Exercise description:
Give the listing again word for word. Leave every image out.

Information supplied:

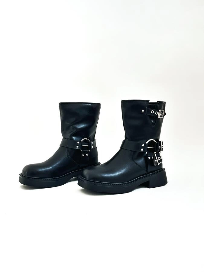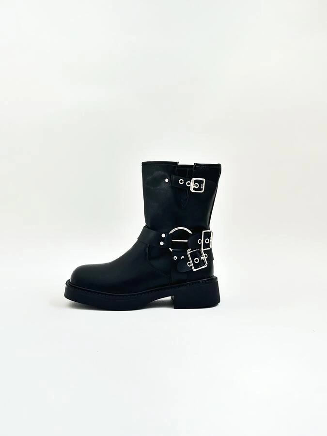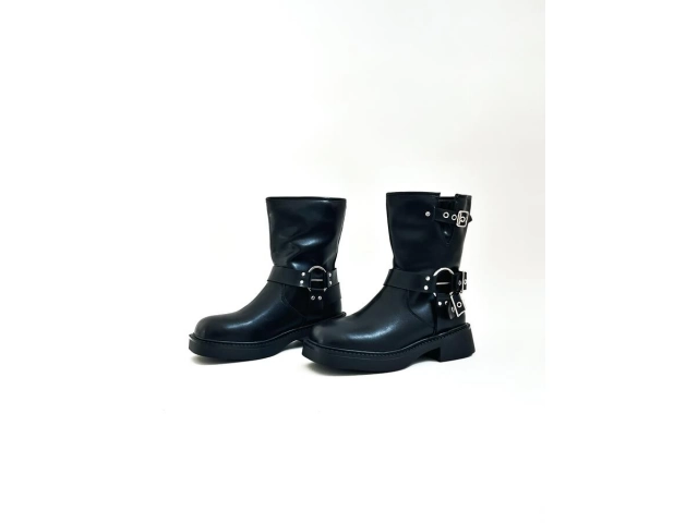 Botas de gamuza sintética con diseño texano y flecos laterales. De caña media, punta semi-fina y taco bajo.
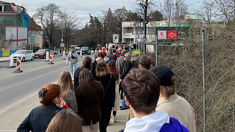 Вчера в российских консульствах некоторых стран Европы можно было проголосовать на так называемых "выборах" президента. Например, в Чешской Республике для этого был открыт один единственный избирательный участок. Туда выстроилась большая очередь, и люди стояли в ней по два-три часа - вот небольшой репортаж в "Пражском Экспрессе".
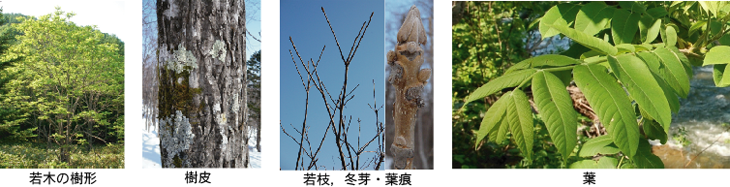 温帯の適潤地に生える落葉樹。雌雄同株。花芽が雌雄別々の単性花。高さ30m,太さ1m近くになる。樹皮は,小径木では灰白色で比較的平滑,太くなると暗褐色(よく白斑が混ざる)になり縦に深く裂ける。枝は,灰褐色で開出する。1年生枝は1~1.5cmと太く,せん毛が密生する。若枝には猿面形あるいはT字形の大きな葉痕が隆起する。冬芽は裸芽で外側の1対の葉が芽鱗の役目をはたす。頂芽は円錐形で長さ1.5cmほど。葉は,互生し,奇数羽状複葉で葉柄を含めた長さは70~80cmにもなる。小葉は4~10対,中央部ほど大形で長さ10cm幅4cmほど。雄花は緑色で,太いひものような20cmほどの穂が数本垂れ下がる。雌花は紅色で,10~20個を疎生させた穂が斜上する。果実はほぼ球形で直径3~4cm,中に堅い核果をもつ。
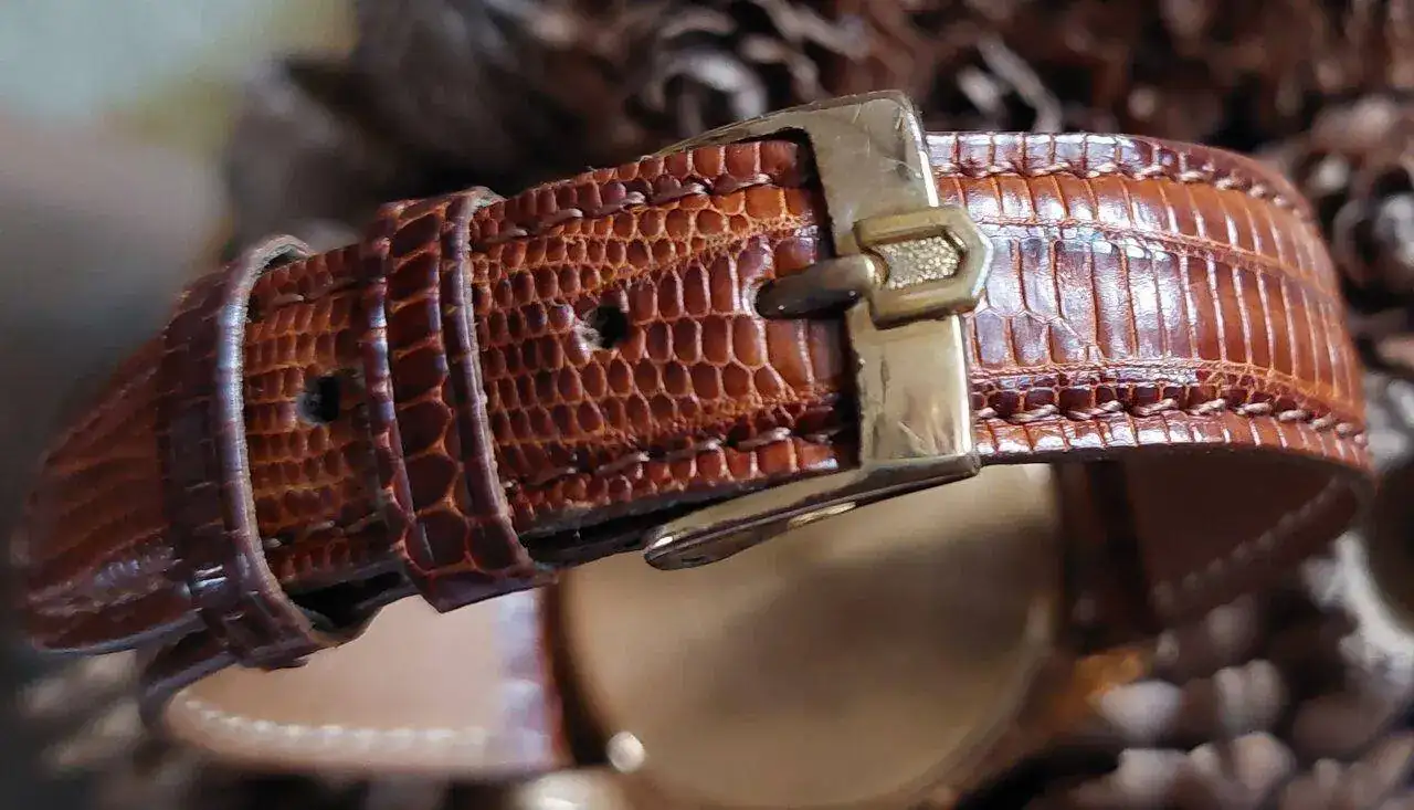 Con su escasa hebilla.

Exercise result:
 Botas de gamuza sintética con diseño texano y flecos laterales. De caña media, punta semi-fina y taco bajo.
 Вчера в российских консульствах некоторых стран Европы можно было проголосовать на так называемых "выборах" президента. Например, в Чешской Республике для этого был открыт один единственный избирательный участок. Туда выстроилась большая очередь, и люди стояли в ней по два-три часа - вот небольшой репортаж в "Пражском Экспрессе".
 温帯の適潤地に生える落葉樹。雌雄同株。花芽が雌雄別々の単性花。高さ30m,太さ1m近くになる。樹皮は,小径木では灰白色で比較的平滑,太くなると暗褐色(よく白斑が混ざる)になり縦に深く裂ける。枝は,灰褐色で開出する。1年生枝は1~1.5cmと太く,せん毛が密生する。若枝には猿面形あるいはT字形の大きな葉痕が隆起する。冬芽は裸芽で外側の1対の葉が芽鱗の役目をはたす。頂芽は円錐形で長さ1.5cmほど。葉は,互生し,奇数羽状複葉で葉柄を含めた長さは70~80cmにもなる。小葉は4~10対,中央部ほど大形で長さ10cm幅4cmほど。雄花は緑色で,太いひものような20cmほどの穂が数本垂れ下がる。雌花は紅色で,10~20個を疎生させた穂が斜上する。果実はほぼ球形で直径3~4cm,中に堅い核果をもつ。
 Con su escasa hebilla.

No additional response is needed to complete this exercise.